Nestlé is circulating a letter from Dr. Iv. Zlatarev, Deputy Minister and Chief State Sanitary Inspector, Bulgaria dated 2nd April 1999. According to Nestlé's translation this states: "the Ministry of Health is not aware of violations on the side of Nestlé Sofia A.D., on the application of the requirements of the Commission directive 91/321/EEC." This is an internal directive which is more limited than the International Code and Resolutions. The Council Resolution "Marketing of breastmilk substitutes in third countries by Community-based manufacturers" (92/C 172/01) applies as Nestlé manufactures within the European Union and this requires companies to abide by the International Code. The Council Directive (92/52/EEC) also applies if Nestlé Sofia is importing products from Nestlé's Community-based factories.


  1. For further information contact: Mike Brady, Baby Milk Action, 23 St. Andrew's Street, Cambridge, CB2 3AX. Tel: (01223) 464420 Fax: (01223) 464417 E-mail:
  2. Examples of marketing malpractice by Nestlé and Hipp are shown on the Baby Milk Action website. There is also a press release on the "Shaming Award" given to Hipp.
  3. Where water is unsafe an artificially fed child is up to 25 times more likely to die as a result of diarrhoea than a breastfed child.

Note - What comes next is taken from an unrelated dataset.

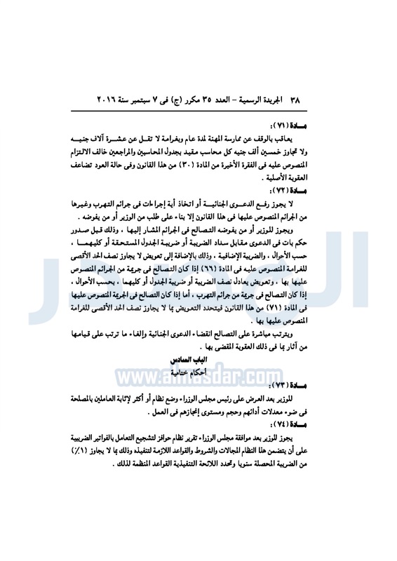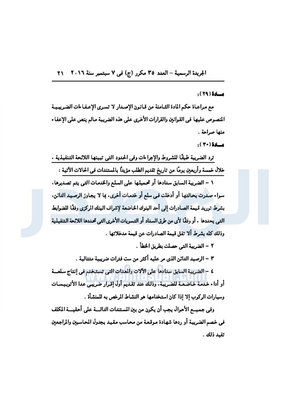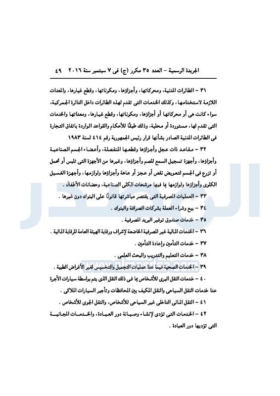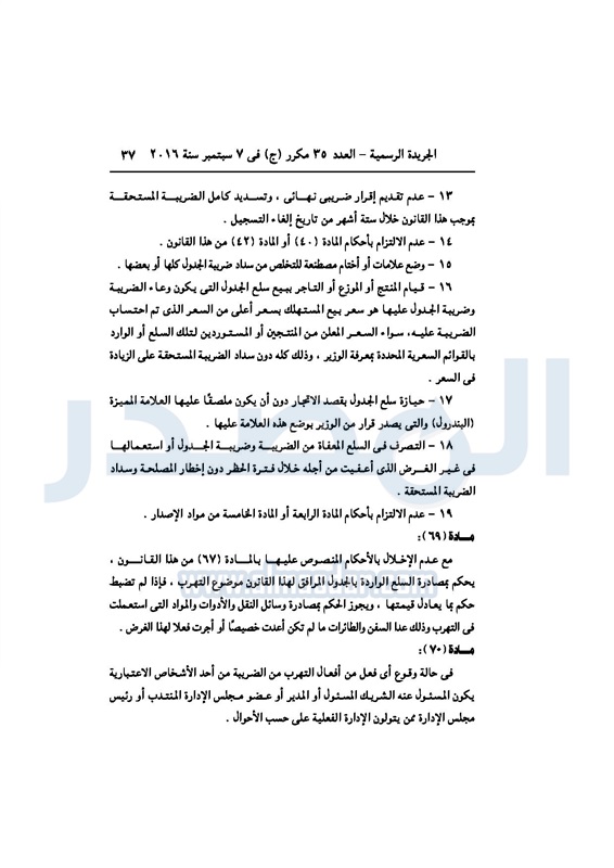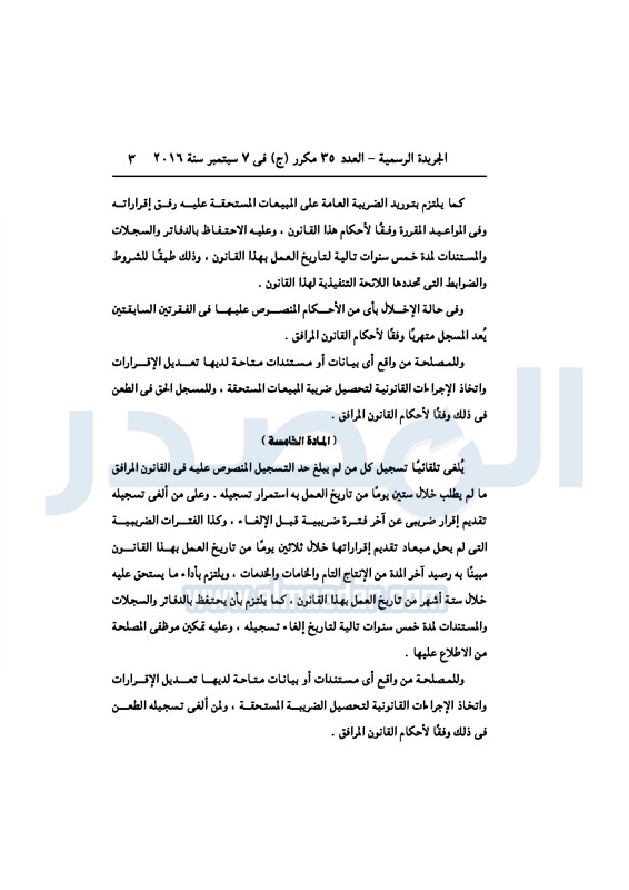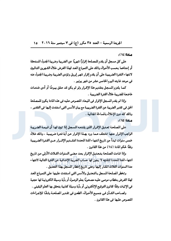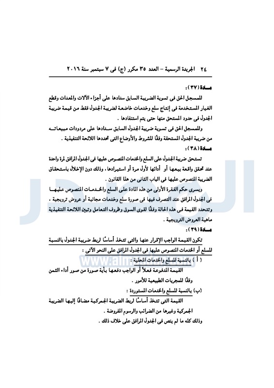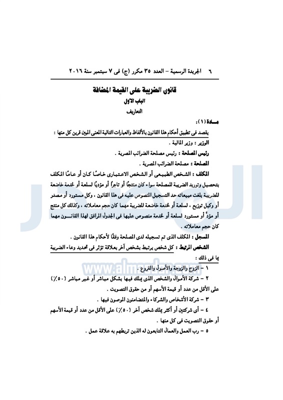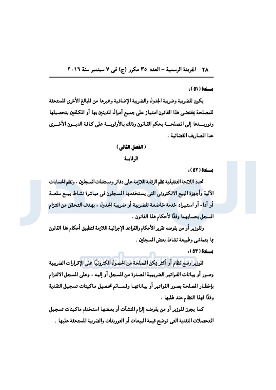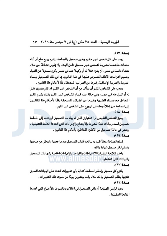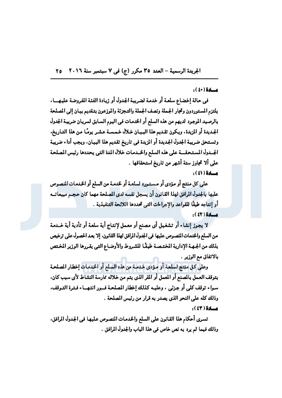 أخبار مصر السيسي يصدر قانون القيمة المضافة بعد موافقة البرلمان الخميس 08 سبتمبر 2016 - 02:51 م 9/8/2016 2:51:00 PM عبد الفتاح السيسي رئيس الجمهورية المصدر - خاص طباعة شارك نشرت الجريدة الرسمية في العدد رقم 35 مكرر "ج" الصادر في 7 سبتمبر 2016، قرار رئيس الجمهورية، رقم 67 لسنة 2016، بشأن إصدار قانون الضريبة على القيمة المضافة.لقراءة القرار: طباعة شارك مجلس النواب قانون القيمة المضافة القيمة المضافة السيسى الجريدة الرسمية البرلمان تابع المصدر علي جوجل نيوز تطبيق نبض

  4. The risk of HIV transmission through breastfeeding requires further independent research and careful consideration of risk. Mothers require accurate information. While replacement feeding may be advisable in some instances, the World Health Organisation has stressed that the International Code and Resolutions must be respected. These measures aim to ensure safe use of breastmilk substitutes as well as to protect breastfeeding.